Early prediction of adverse outcomes in liver cirrhosis using a CT-based multimodal deep learning model.
Authors
Affiliations (6)
Affiliations (6)
- Department of Radiology, The Second Affiliated Hospital, School of Medicine, The Chinese University of Hong Kong, Shenzhen & Longgang District People's Hospital of Shenzhen, Shenzhen, China.
- Shukun Technology Co., Ltd, Beijing, China.
- School of Computer Science, Hangzhou Dianzi University, Hangzhou, China.
- Medical Big Data Lab, Shenzhen Research Institute of Big Data, Shenzhen, China.
- Department of Liver Disease, Xinjiang Uygur Autonomous Region Chinese Medicine Hospital, Urumqi, China. [email protected].

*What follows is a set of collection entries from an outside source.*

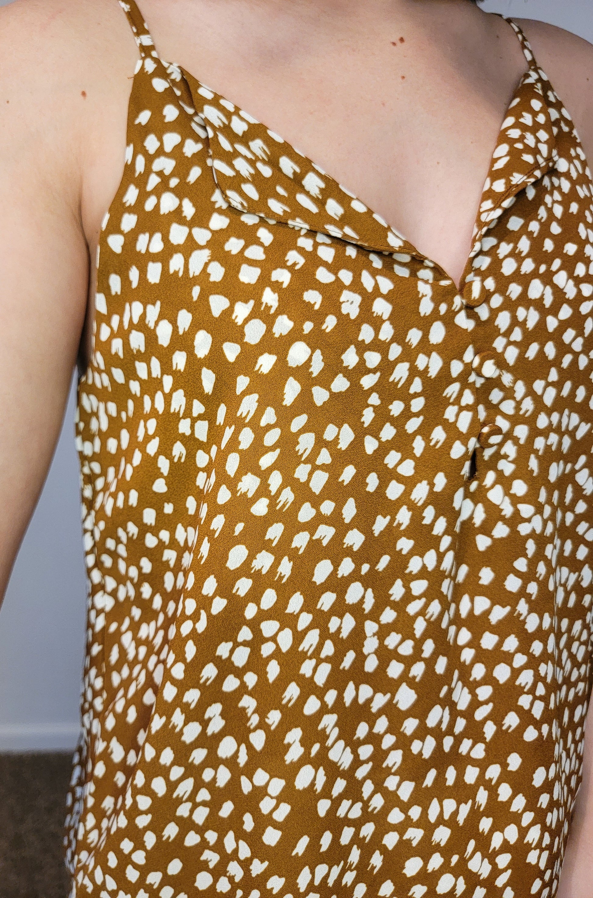 This split neckline cami is perfect for those warm days! It has the best button detailing and speckled pattern for the cutest look! Perfect for date night! We have it paired with our White Denim High Waisted Shorts
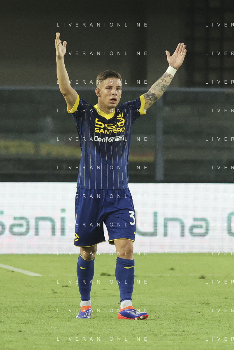 Daniel Mosquera of Hellas Verona FC during Hellas Verona FC vs SSC Napoli, 1° Serie A EniLive 2024-25 game at Marcantonio Bentegodi Stadium in Verona (VR), Italy, on August 18, 2024. (Photo by Davide Casentini)/AGENZIA ALDO LIVERANI SAS
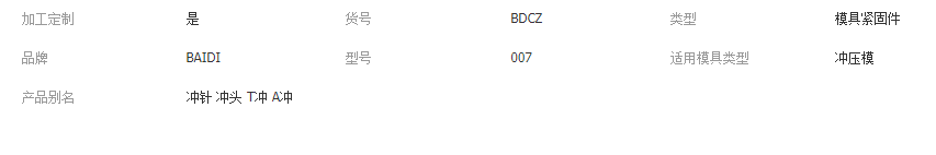 本网页所展示的有关【供应模具冲针不锈钢冲头 T冲A冲镶针非标定 制阀针型芯_冲头_东莞市百迪五金模具有限公司】的信息/图片/参数等由全球零部件网的会员【东莞市百迪五金模具有限公司】提供,由全球零部件网会员【东莞市百迪五金模具有限公司】自行对信息/图片/参数等的真实性、准确性和合法性负责,本平台(本网站)仅提供展示服务,请谨慎交易,因交易而产生的法律关系及法律纠纷由您自行协商解决,本平台(本网站)对此不承担任何责任。您在本网页可以浏览【供应模具冲针不锈钢冲头 T冲A冲镶针非标定 制阀针型芯_冲头_东莞市百迪五金模具有限公司】有关的信息/图片/价格等及提供【供应模具冲针不锈钢冲头 T冲A冲镶针非标定 制阀针型芯_冲头_东莞市百迪五金模具有限公司】的商家公司简介、江南(中国)等信息。
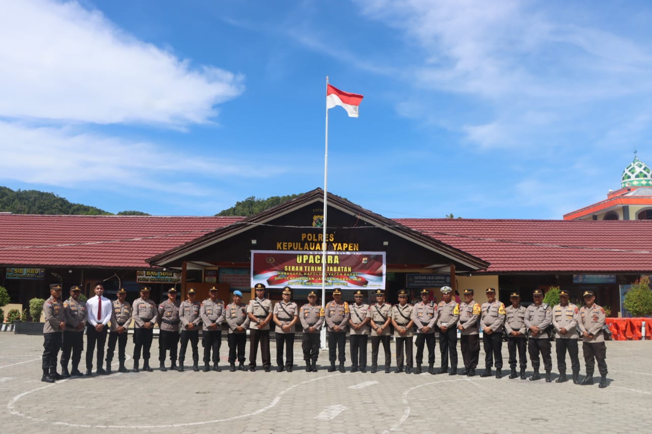 Kepulauan Yapen, Kapolres Kepulauan Yapen, AKBP Herzoni Saragih, S.IK., M.H., memimpin serah terima jabatan Kabag Ops Polres Kepulauan Yapen, Kapolsek Yapen Barat dan pengukuhan Kabag Ren.
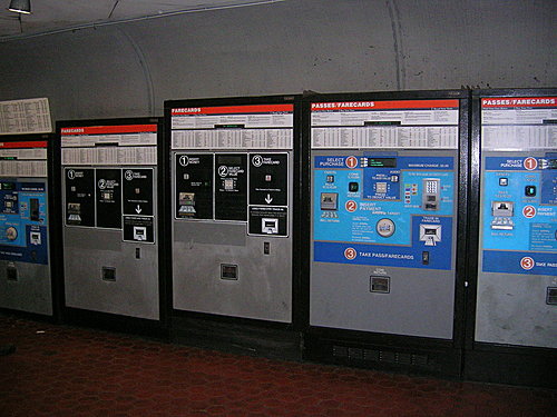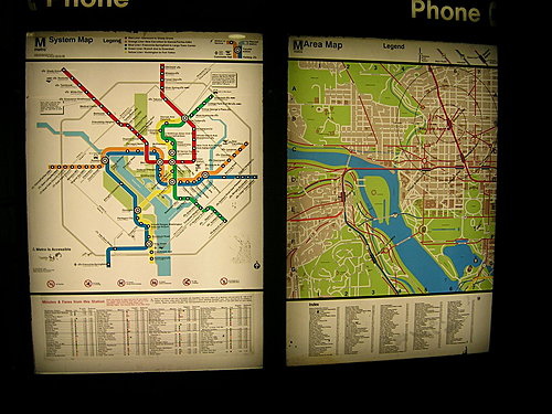 售票機旁有路線圖和車站附近的地圖, 跟台北捷運有幾分相似呢! Washington DC 的地鐵Metro 共有五條線, 86個車站, 往北行駛至馬里蘭州, 往南至維吉尼亞州。
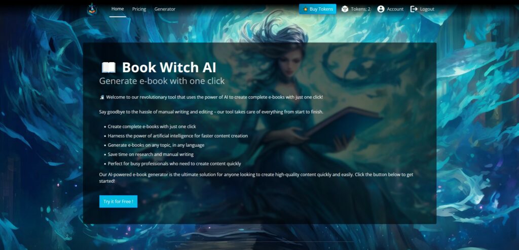 Book Witch AI is a groundbreaking AI-powered tool designed to simplify and speed up the process of e-book creation. With a single click, users can generate complete e-books, minimizing the time spent on research and manual writing. Its capabilities include handling content on any topic and supporting multiple languages, making it a versatile tool for various content needs. Ideal for busy content creator
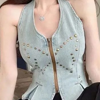 Fleepmart Women’s Sexy Denim Short Tank Tops Crop Top 2024 Irregular Zipper Delicate Bustier Vest Ladies Skinny Jeans Halter Top Bralette
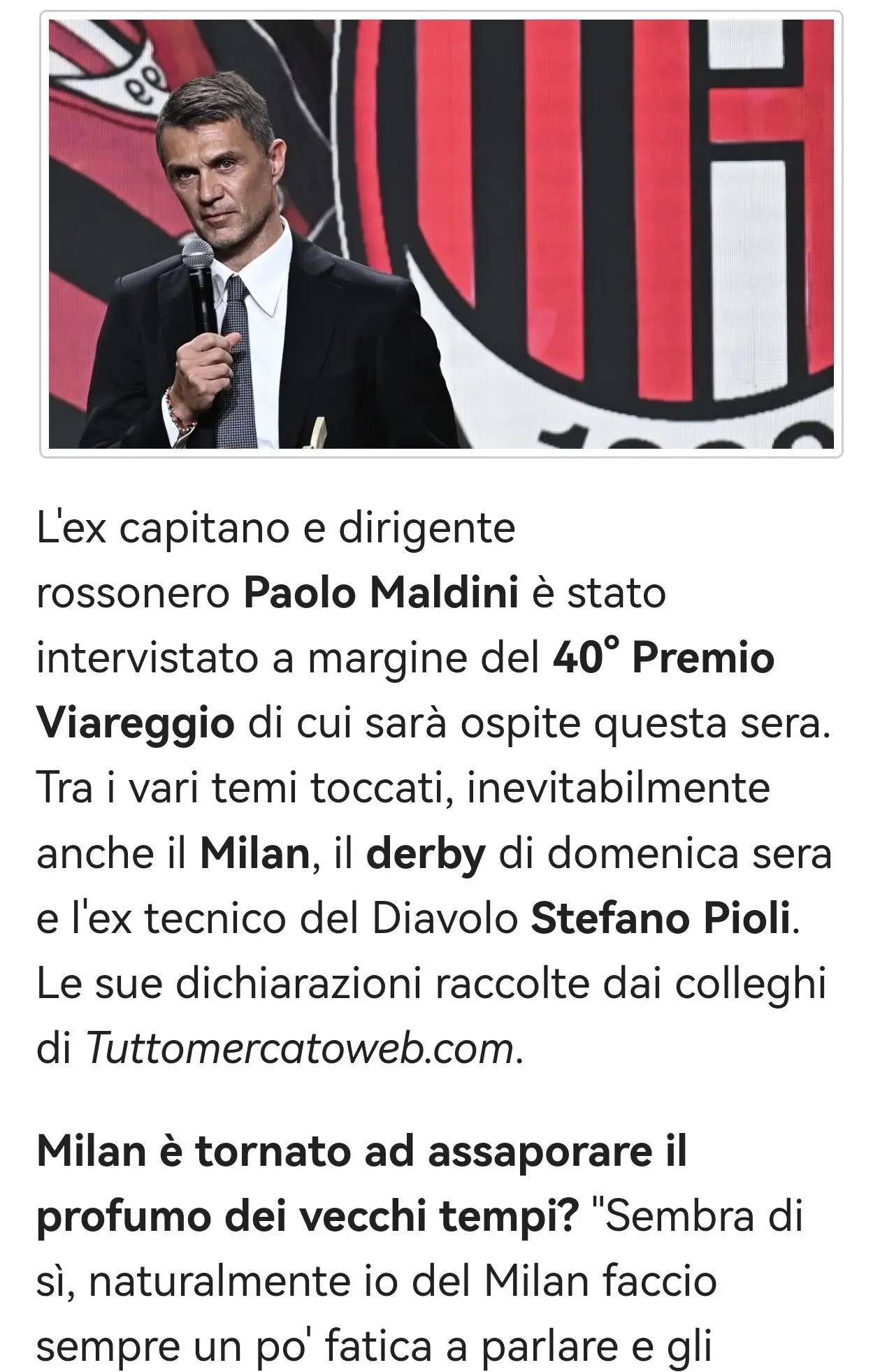อดีตกัปตันและสมาชิกคณะกรรมการของเอซี มิลาน เปาโล มัลดินี ได้กล่าวในงานมอบรางวัลเวียเรจโจ ครั้งที่ 40 (เขาจะเข้าร่วมงานในค่ำคืนนี้ในฐานะแขกรับเชิญ) โดยได้พูดถึงหัวข้อต่างๆ รวมถึงมิลาน, การแข่งขันดาร์บี้ในคืนวันอาทิตย์, และอดีตผู้จัดการทีมรอสโซเนรี สเตฟาโน ปิโอลี:

- Department of Radiology, The Second Affiliated Hospital, School of Medicine, The Chinese University of Hong Kong, Shenzhen & Longgang District People's Hospital of Shenzhen, Shenzhen, China. [email protected].
Abstract
Early-stage cirrhosis frequently presents without symptoms, making timely identification of high-risk patients challenging. We aimed to develop a deep learning-based triple-modal fusion liver cirrhosis network (TMF-LCNet) for the prediction of adverse outcomes, offering a promising tool to enhance early risk assessment and improve clinical management strategies. This retrospective study included 243 patients with early-stage cirrhosis across two centers. Adverse outcomes were defined as the development of severe complications like ascites, hepatic encephalopathy and variceal bleeding. TMF-LCNet was developed by integrating three types of data: non-contrast abdominal CT images, radiomic features extracted from liver and spleen, and clinical text detailing laboratory parameters and adipose tissue composition measurements. TMF-LCNet was compared with conventional methods on the same dataset, and single-modality versions of TMF-LCNet were tested to determine the impact of each data type. Model effectiveness was measured using the area under the receiver operating characteristics curve (AUC) for discrimination, calibration curves for model fit, and decision curve analysis (DCA) for clinical utility. TMF-LCNet demonstrated superior predictive performance compared to conventional image-based, radiomics-based, and multimodal methods, achieving an AUC of 0.797 in the training cohort (n = 184) and 0.747 in the external test cohort (n = 59). Only TMF-LCNet exhibited robust model calibration in both cohorts. Of the three data types, the imaging modality contributed the most, as the image-only version of TMF-LCNet achieved performance closest to the complete version (AUC = 0.723 and 0.716, respectively; p > 0.05). This was followed by the text modality, with radiomics contributing the least, a pattern consistent with the clinical utility trends observed in DCA. TMF-LCNet represents an accurate and robust tool for predicting adverse outcomes in early-stage cirrhosis by integrating multiple data types. It holds potential for early identification of high-risk patients, guiding timely interventions, and ultimately improving patient prognosis.